**ACTIVITY**.
For the records below, copy exactly the span that begins at the line containing "Orchidées blanches élégantes, une" and stops after the line containing "各位媽咪們,懷孕三個月超想吃", minus any pictures.

**INFORMATION SHOWN**.
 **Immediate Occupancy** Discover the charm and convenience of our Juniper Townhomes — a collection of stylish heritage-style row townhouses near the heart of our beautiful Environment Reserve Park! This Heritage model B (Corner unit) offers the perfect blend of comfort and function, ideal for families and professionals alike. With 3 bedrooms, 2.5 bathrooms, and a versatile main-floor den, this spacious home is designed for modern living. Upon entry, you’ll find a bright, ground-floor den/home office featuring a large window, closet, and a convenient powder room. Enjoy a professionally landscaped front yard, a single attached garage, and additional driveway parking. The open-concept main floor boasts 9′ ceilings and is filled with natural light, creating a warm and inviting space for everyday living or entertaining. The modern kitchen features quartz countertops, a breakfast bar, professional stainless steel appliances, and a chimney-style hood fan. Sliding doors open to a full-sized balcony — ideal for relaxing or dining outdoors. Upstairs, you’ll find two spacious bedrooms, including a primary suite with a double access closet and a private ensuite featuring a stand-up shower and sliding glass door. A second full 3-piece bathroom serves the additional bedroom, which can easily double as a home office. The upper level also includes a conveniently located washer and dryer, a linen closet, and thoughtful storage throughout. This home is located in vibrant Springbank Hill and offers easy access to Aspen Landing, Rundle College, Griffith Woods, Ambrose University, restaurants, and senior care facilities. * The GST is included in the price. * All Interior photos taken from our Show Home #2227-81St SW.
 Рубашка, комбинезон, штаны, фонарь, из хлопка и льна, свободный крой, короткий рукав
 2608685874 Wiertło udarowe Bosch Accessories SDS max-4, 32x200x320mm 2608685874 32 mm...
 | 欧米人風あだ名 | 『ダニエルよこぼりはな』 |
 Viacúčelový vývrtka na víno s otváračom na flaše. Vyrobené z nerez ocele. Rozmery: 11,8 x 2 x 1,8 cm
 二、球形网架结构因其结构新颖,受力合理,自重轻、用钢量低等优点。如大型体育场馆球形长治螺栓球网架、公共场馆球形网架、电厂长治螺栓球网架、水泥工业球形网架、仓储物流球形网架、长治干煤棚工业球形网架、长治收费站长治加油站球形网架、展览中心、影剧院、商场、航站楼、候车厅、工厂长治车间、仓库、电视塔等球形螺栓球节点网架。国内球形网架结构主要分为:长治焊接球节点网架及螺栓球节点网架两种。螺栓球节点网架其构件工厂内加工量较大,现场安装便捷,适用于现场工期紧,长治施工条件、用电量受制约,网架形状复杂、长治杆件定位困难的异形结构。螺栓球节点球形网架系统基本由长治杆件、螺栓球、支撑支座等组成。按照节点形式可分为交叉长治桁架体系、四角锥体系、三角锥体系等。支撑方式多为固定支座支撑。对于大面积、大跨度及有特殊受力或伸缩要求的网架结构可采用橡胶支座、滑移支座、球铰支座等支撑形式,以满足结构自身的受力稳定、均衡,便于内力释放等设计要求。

...

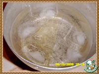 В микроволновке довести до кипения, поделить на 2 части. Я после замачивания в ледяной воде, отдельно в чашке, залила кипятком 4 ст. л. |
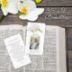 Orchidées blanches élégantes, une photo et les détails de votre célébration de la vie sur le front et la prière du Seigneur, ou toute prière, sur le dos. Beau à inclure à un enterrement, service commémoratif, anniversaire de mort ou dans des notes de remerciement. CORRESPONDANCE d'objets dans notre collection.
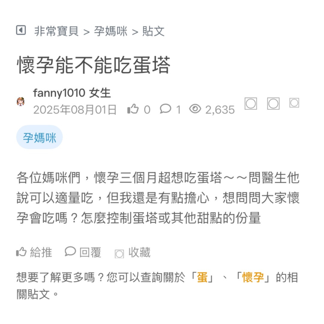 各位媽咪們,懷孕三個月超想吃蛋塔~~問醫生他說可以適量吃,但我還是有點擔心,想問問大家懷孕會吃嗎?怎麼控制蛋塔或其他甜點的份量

**OUTPUT FOR THIS TASK**.
 Orchidées blanches élégantes, une photo et les détails de votre célébration de la vie sur le front et la prière du Seigneur, ou toute prière, sur le dos. Beau à inclure à un enterrement, service commémoratif, anniversaire de mort ou dans des notes de remerciement. CORRESPONDANCE d'objets dans notre collection.
 各位媽咪們,懷孕三個月超想吃蛋塔~~問醫生他說可以適量吃,但我還是有點擔心,想問問大家懷孕會吃嗎?怎麼控制蛋塔或其他甜點的份量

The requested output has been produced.